══ INPUT RECORDS

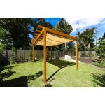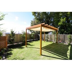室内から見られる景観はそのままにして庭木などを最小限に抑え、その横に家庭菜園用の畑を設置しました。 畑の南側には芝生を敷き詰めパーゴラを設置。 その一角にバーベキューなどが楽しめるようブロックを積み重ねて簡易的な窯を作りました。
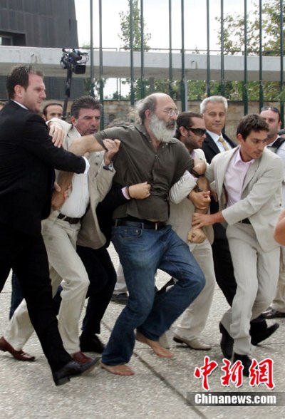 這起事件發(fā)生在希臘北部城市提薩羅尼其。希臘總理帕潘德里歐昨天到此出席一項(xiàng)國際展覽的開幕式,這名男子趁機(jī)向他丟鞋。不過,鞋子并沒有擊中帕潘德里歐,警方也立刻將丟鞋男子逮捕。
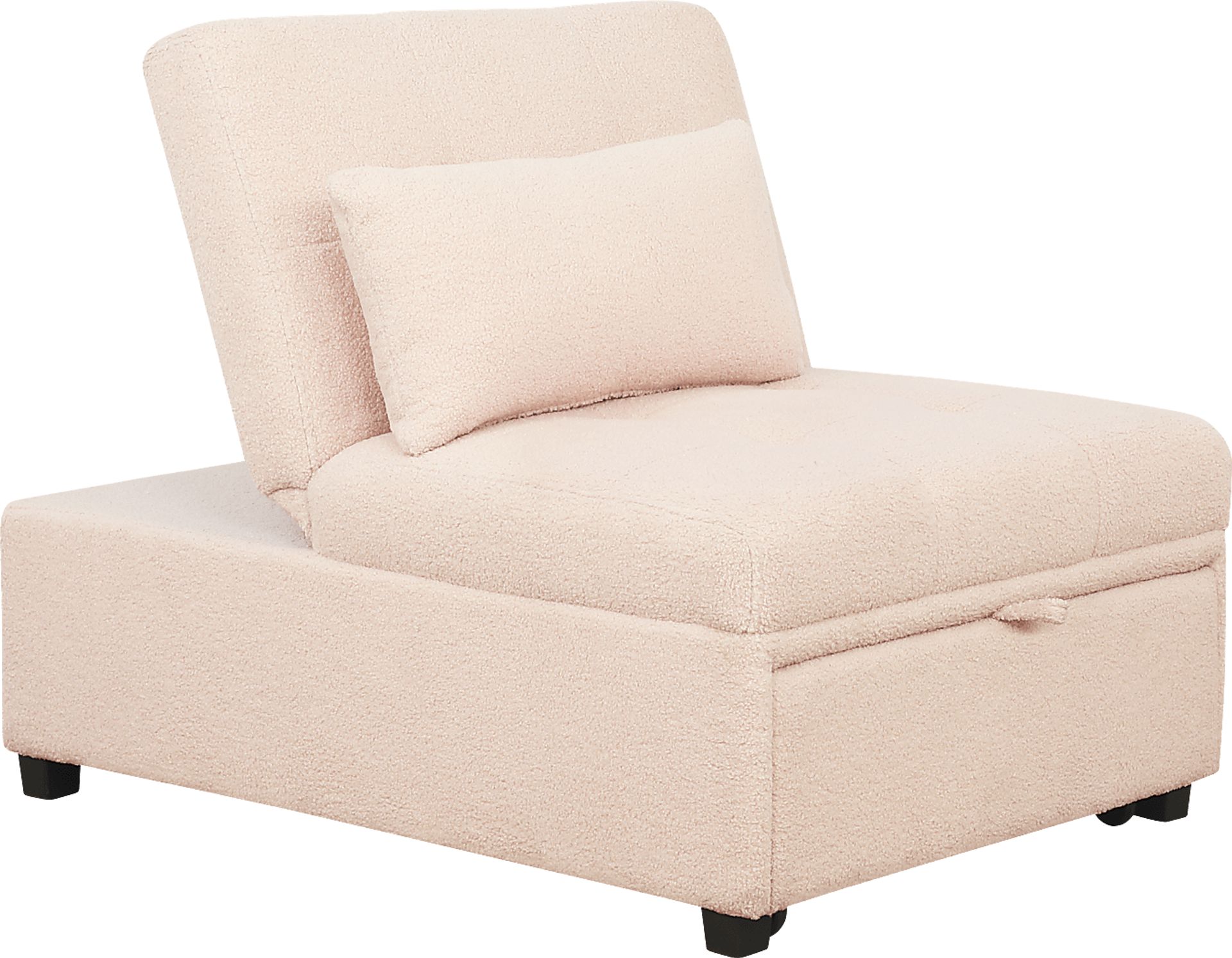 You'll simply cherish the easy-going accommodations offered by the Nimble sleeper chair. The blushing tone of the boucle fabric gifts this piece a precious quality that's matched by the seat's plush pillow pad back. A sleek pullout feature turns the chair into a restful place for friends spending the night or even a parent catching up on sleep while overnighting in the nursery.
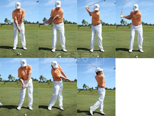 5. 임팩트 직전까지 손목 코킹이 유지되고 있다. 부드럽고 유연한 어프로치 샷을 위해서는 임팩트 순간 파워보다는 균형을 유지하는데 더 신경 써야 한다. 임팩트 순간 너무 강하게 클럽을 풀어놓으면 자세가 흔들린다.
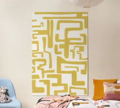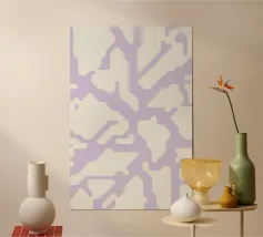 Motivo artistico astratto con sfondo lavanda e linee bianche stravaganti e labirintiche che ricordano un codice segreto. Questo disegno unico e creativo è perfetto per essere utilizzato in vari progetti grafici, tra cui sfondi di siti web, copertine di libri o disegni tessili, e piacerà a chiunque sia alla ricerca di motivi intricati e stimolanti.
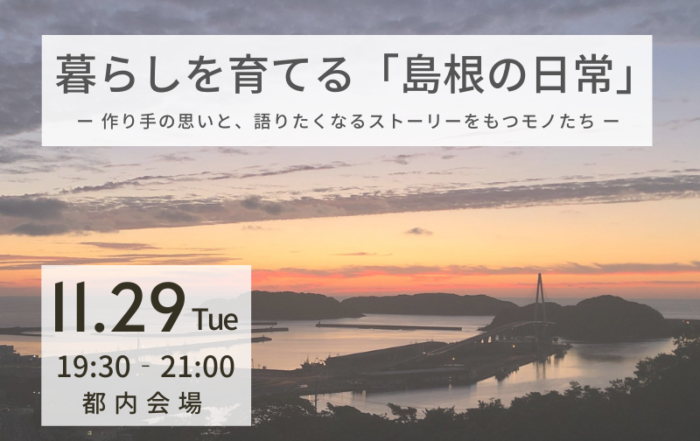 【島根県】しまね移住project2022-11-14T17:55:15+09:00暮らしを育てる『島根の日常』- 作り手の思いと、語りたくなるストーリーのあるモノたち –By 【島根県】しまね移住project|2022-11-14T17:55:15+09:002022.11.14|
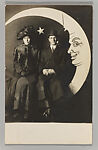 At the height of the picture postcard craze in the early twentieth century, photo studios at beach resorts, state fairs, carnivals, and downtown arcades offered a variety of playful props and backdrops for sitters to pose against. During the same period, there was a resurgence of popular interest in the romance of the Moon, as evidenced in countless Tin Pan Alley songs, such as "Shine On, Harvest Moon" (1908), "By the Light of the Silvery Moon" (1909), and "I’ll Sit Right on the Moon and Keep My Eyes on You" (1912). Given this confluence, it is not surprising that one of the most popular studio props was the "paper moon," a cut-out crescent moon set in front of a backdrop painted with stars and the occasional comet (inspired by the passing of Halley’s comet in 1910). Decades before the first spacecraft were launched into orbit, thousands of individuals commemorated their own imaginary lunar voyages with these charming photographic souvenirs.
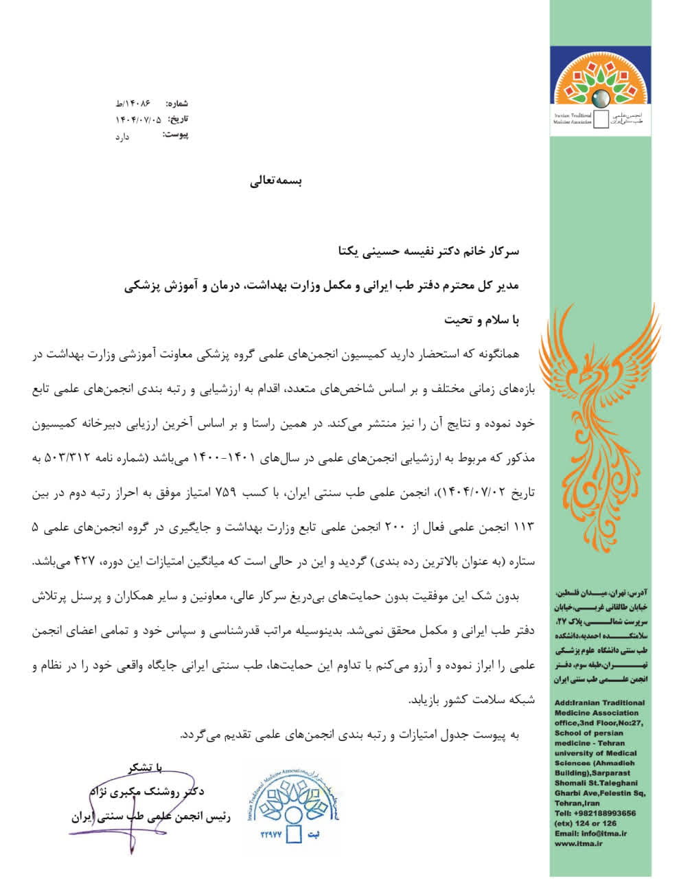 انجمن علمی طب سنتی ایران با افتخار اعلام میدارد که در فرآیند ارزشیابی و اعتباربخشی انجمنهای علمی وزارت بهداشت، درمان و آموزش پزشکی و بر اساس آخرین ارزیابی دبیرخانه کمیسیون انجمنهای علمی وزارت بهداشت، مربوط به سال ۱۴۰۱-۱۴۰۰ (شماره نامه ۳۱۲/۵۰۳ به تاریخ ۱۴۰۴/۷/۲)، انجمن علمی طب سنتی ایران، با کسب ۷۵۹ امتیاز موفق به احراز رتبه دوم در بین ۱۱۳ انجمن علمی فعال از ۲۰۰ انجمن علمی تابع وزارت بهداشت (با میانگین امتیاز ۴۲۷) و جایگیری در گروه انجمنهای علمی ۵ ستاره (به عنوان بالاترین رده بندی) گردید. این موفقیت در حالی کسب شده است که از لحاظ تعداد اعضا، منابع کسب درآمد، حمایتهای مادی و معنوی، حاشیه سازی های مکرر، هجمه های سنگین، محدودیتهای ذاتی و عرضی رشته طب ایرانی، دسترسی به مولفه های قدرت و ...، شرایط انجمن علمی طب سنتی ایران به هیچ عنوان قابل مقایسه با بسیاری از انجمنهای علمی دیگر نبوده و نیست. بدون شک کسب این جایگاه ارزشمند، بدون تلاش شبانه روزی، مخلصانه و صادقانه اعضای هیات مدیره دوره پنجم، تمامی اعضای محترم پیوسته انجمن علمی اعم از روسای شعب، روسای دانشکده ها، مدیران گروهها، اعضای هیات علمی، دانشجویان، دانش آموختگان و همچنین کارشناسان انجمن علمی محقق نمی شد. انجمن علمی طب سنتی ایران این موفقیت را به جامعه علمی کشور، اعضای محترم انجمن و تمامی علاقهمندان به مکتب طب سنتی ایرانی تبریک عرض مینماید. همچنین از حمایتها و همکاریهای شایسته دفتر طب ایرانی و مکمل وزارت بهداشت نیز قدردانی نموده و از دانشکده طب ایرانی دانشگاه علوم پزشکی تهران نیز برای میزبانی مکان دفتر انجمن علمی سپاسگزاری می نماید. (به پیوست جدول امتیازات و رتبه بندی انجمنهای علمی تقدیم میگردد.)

════
══ INPUT RECORDS

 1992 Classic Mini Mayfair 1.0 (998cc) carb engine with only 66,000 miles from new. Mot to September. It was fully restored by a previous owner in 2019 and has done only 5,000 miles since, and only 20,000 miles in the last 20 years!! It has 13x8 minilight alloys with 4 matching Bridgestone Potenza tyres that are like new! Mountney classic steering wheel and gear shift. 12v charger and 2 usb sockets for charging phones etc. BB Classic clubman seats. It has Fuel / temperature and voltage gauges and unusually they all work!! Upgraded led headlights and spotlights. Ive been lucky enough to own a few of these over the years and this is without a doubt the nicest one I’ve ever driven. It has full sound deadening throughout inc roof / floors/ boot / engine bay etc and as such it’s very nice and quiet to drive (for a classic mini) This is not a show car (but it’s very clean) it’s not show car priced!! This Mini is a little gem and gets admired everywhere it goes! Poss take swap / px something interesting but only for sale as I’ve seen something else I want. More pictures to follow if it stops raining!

════

ASSIGNED TASK
Within the listing above, copy exactly the lines that start at the one with "這起事件發(fā)生在希臘北" and continue through the one with "5. 임팩트 직전까지". Omit pictures.

ANSWER TO THIS TASK
 這起事件發(fā)生在希臘北部城市提薩羅尼其。希臘總理帕潘德里歐昨天到此出席一項(xiàng)國際展覽的開幕式,這名男子趁機(jī)向他丟鞋。不過,鞋子并沒有擊中帕潘德里歐,警方也立刻將丟鞋男子逮捕。
 You'll simply cherish the easy-going accommodations offered by the Nimble sleeper chair. The blushing tone of the boucle fabric gifts this piece a precious quality that's matched by the seat's plush pillow pad back. A sleek pullout feature turns the chair into a restful place for friends spending the night or even a parent catching up on sleep while overnighting in the nursery.
 5. 임팩트 직전까지 손목 코킹이 유지되고 있다. 부드럽고 유연한 어프로치 샷을 위해서는 임팩트 순간 파워보다는 균형을 유지하는데 더 신경 써야 한다. 임팩트 순간 너무 강하게 클럽을 풀어놓으면 자세가 흔들린다.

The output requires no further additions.